Diese Hersteller fliegender Autos sehen sich verständlicherweise noch mit vielen Herausforderungen konfrontiert. Doch ist es faszinierend, dass wir heutzutage die Technologie haben, diese Art von Dingen zu kreieren. Eines Tages schauen wir vielleicht in einen mit fliegenden Autos übersäten Himmel, wie im Film „Das fünfte Element“.

Hier ist eine Liste der bereits am weitesten fortgeschrittenen fliegenden Autos, die heutzutage kontinuierlich entwickelt werden.

Pop.Up von Airbus und Italdesign

Quelle: NewAtlas.com

Eine ganze Reihe beeindruckender Konzeptideen werden bei der Geneva Motor Show präsentiert, aber diese hier überragt alle anderen – im wahrsten Sinne des Wortes. Der Pop.Up ist ein nach dem VTOL-Prinzip fliegendes Auto, das aus der Kooperation zwischen der Designfirma Italdesign und dem Luftfahrthersteller Airbus hervorgegangen ist. Der Pop.Up besitzt das Gehäuse eines Elektroautos, das sich von den Rotoren eines Multikopters absetzen lässt.

Airbus ist bereits seit längerem in der Entwicklung persönlicher Pendeldrohnen aktiv und Italdesign hat Erfahrung im Design autonom fahrender Autos. Aus diesem Grund ist es keine Überraschung, dass die beiden Produzenten mit diesem Konzeptentwurf aufwarten. Wenn Sie der großen Drohne keine Beachtung schenken, sieht das Fahrzeug dem üblichen städtischen Pendelauto sehr ähnlich.

Quelle: NewAtlas.com

Dank seines elektrischen Antriebsstranges produziert das Fahrzeug keine Emissionen.
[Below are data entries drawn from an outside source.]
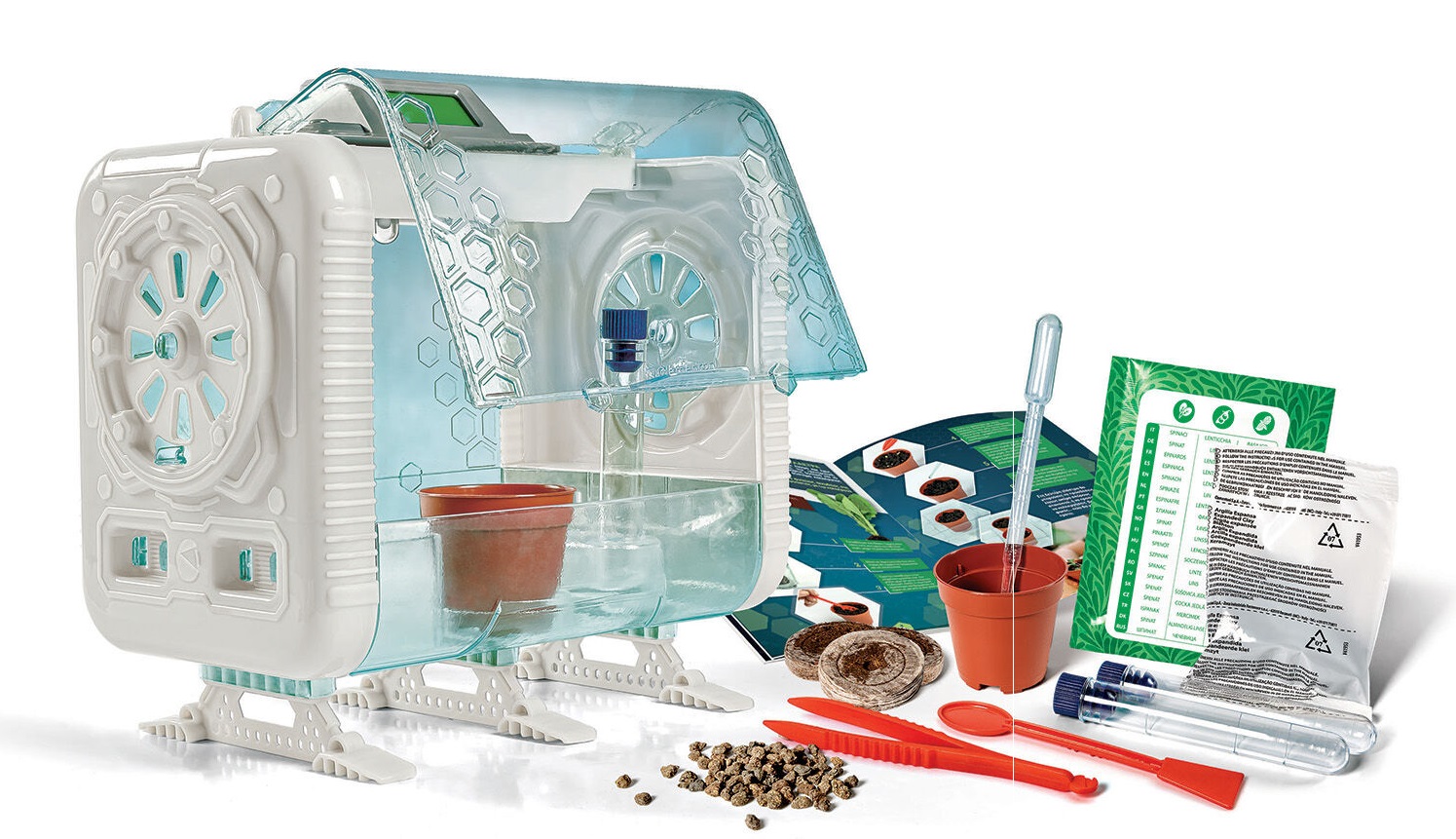 Υπάρχει δυνατότητα πειραματισμού με διαφορετικές καλλιέργειες. Διαθέτει ηλεκτρονική μονάδα ελέγχου των συνθηκών και δίνει τη δυνατότητα πειραματισμού με τρεις διαφορετικούς τρόπους καλλιέργειας (σπορά σε τύρφη, ανάπτυξη φυτού σε βαμβάκι, υδροπονική καλλιέργεια).
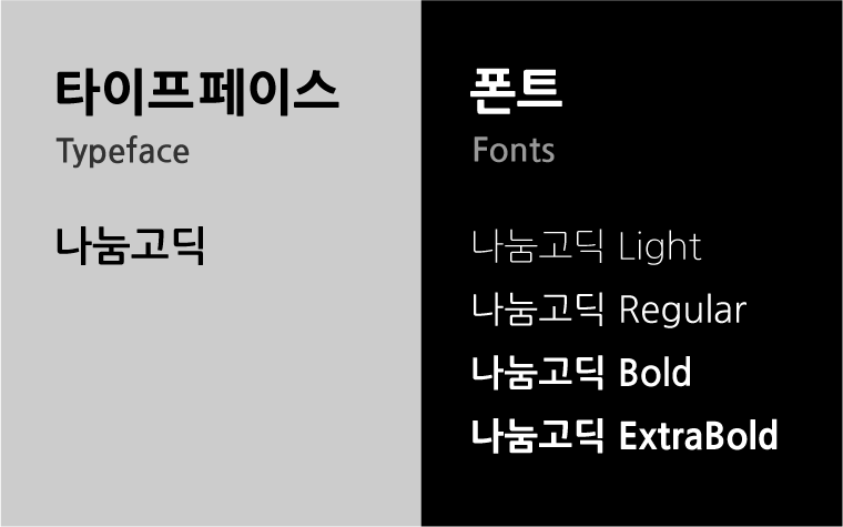 하지만 이는 반은 맞고, 반은 틀린 것으로 좀 더 정확히 얘기하자면 “나눔고딕 타이프페이스(Typeface)를 사용했습니다!”라고 말하는 것이 정확합니다.
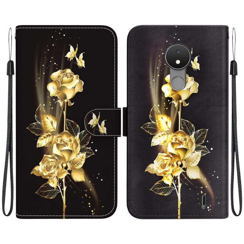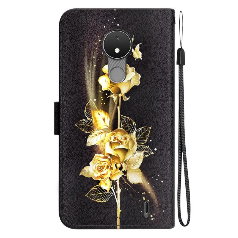 Θήκη τηλεφώνου Nokia C21 με κρυστάλλινη υφή, πολύχρωμο σχέδιο από δέρμα (Μωβ Παιώνια)
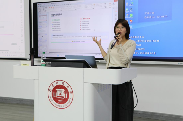 在人工智能技术迅猛发展的背景下,如何借助AI工具推动学术研究创新成为学界关注焦点。纪丽燕老师以自身研究为例,分享了AI技术在语言认知领域的应用实践,详细讲解了AI如何辅助实验设计、数据分析和文献梳理。她也提醒师生需恪守学术伦理:“AI是科研的‘副驾驶’,而非‘替代者’。” 直接提交AI生成内容可能涉及学术不端,研究者应在语言润色、思路拓展等辅助环节合理使用技术,确保核心观点与实验设计的原创性。
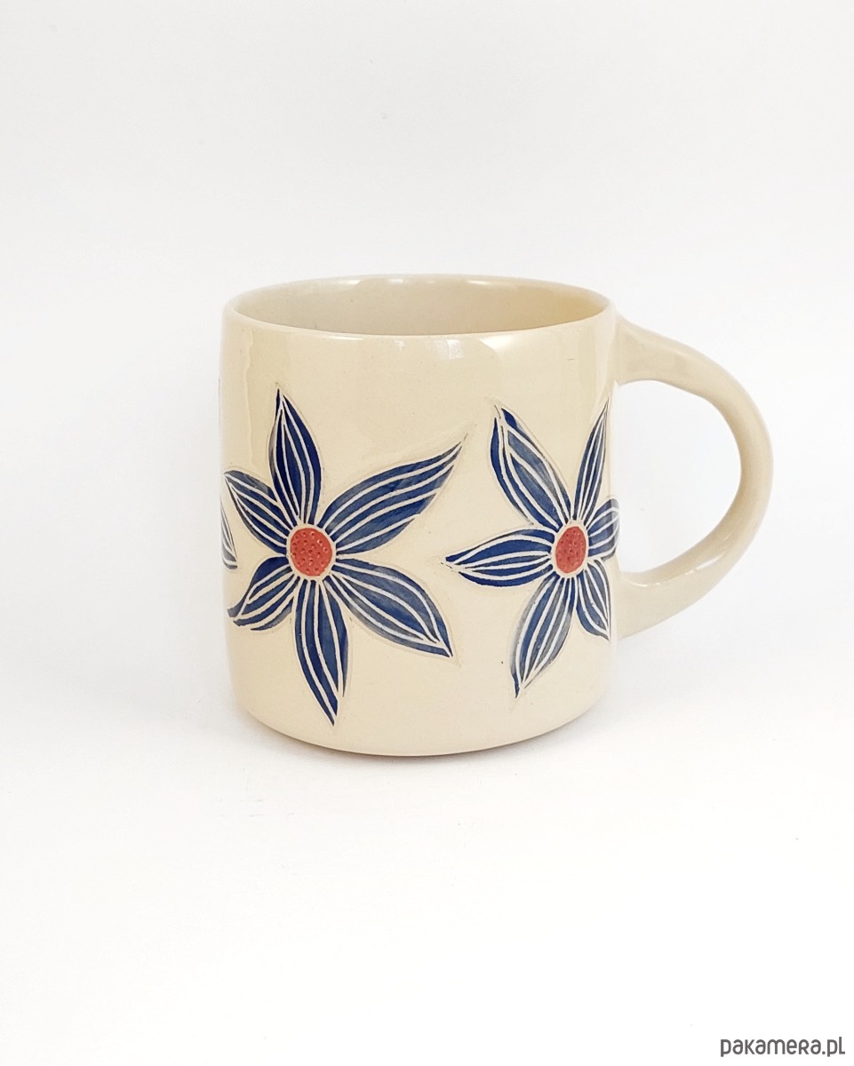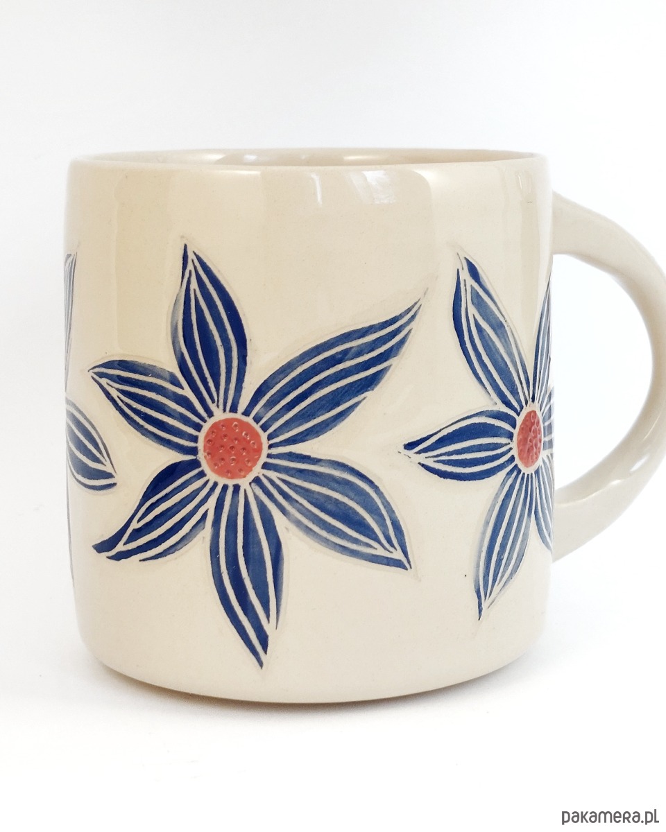 Kubek z namalowanymi niebieskimi kwiatami.
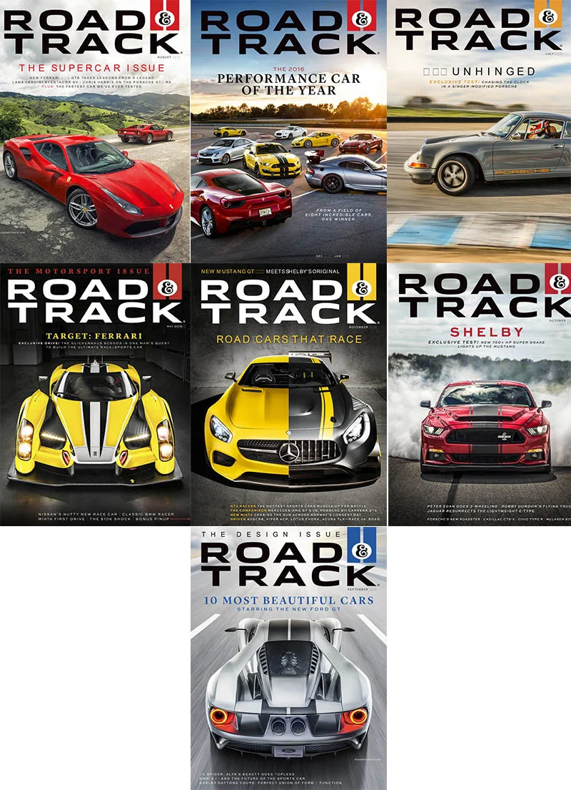 Road & Track includes technical features on automotive subjects, wide-ranging feature stories, spectacular automotive art and standard-setting new-car photography, humor, fiction, travel stories, book reviews and the most comprehensive racing coverage offered by a monthly magazine.
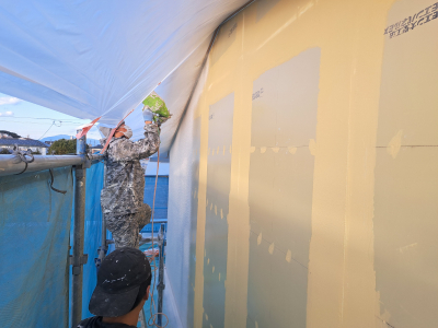 下地処理→下塗り→仕上げ塗りへと工程を重ねようやく完成!
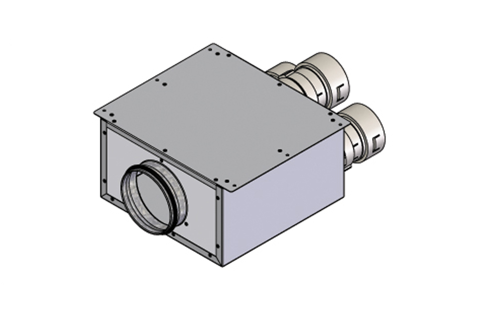 Man kan f.eks. bruge entréen som fordelingsrum ved at sænke loftshøjden der, og lave indblæsning over døren ind i det rum, hvor der skal tilføres frisk ny luft. Til den løsning kan man bruge NilAIR indblæsningsbokse for ventil over dør. Boksen kan bestilles med 2 eller 3 stutse afhængig af den ønskede luftmængde.
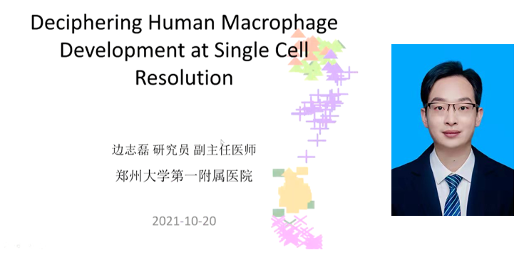 前面兩場報告湯老師和曹老師都是開發了單細胞空間新技術,這些技術如何實現在臨床醫學,特別是在腫瘤中精準輔助治療應用呢?鄭州大學第一附屬醫院血液科副主任醫師邊志磊研究員報告題目是:Deciphering human macrophage development at single-cell resolution,以超高單細胞分辨率深度解析了巨噬細胞發育。邊老師團隊繪制了巨噬細胞在多個解剖部位的異質性,并確定了不同的亞群,包括各種類型的胚胎組織駐留巨噬細胞(TRMs)(在頭部、肝臟、肺和皮膚)。追蹤了胚胎卵黃囊來源的原始巨噬細胞或卵黃囊衍生的偏髓性祖細胞(YSMPs)來源的胚胎肝單核細胞中TRM的發育軌跡,評估了胚胎期TRM和成年期TRM之間的分子相似性。全面描述了人類胚胎發生過程中早期巨噬細胞發育的時空動態特征,為進一步研究人類TRM的發育和功能提供了參考。
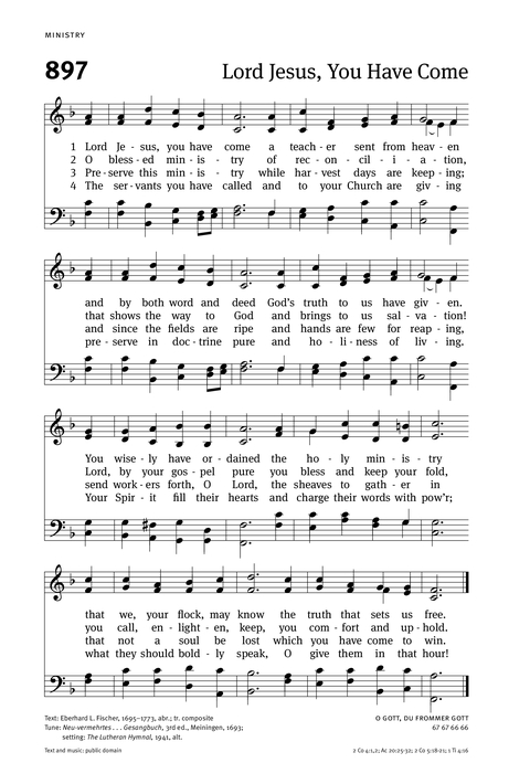 | Source: | Neu-vermehrtes...Gesangbuch, 3rd ed., Meiningen, 1693, alt.; Setting: The Lutheran Hymnal, 1941, alt. |
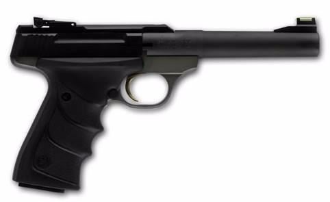 Mfr Items:Browning Category:PISTOLS Type:Pistol Action:Single Caliber:22 Long Rifle Barrel Length:5.5" Capacity:10+1 Safety:Manual Grips:Ultragrip RX Ambidextrous Sights:Truglo Front, Adjustable Rear Weight:34 oz Frame Finish:Blued Frame Material:Aluminum Alloy Barrel Type:Tapered Bull Slide Description:Blued

Mittels einer Applikation zum „Teilen“ des Fahrzeugs können Reisende ihre Fahrt darin buchen. Darüber hinaus können sie die App benutzen, um sich einen Überblick über Informationen wie den Preis, Zeitaufwand, die Nachfrage nach dem Service und mehr zu verschaffen. Das autonom fliegende Auto wird der Öffentlichkeit nach weiteren Tests und Entwicklungen vermutlich schon in einigen Jahren zur Verfügung stehen.

Uber Flying Taxi

Im letzten November plante Uber, fliegende Taxis zum derzeitigen Transportsystem hinzuzufügen. Damals war es noch alles andere als klar, wie solche Fahrzeuge aussehen würden. Jedoch verkündete das Unternehmen kürzlich, dass es eine Partnerschaft mit Aurora Flight Sciences geschlossen hat, um ein elektronisches Auto, das vertikal startet und landet, als Teil des Uber Elevate Network zu entwickeln.

Der Prototyp eines fliegenden Autos kann derzeit zwei Passagiere transportieren und besitzt acht horizontale Propeller zum vertikalen Starten und Landen. Darüber hinaus ist hinten ein vertikaler Propeller angebracht, der es dem Lufttaxi erlaubt, in einen schnelleren Flugmodus zu wechseln, sobald es in der Luft ist.

Quelle: uavdigest.com

Ein funktionierendes Modell dieses fliegenden Autos wurde bereits getestet. Der Entwurf ist eine Kombination von Technologien, die aus verschiedenen Projekten gewonnen wurden, an denen Aurora seit langem arbeitet. Ein gutes Beispiel ist der XV-24A X-plane demonstrator, entwickelt vom US-Verteidigungsministerium, dessen elektrisches Antriebssystem von dem Lufttaxi verwendet wird.

The Audi Shark

flying cars

Quelle: Kazim Doku

Für Liebhaber fantastischer und futuristischer Konzeptautos gibt es nichts aufregenderes als den mit Preisen überhäuften Audi Shark. Der Sportwagen wurde von Kazim Doku entwickelt, der für dieses Modell 2008 einen Designwettbewerb gewann, womit er seine bereits beachtliche Sammlung an Preisen erweitern konnte.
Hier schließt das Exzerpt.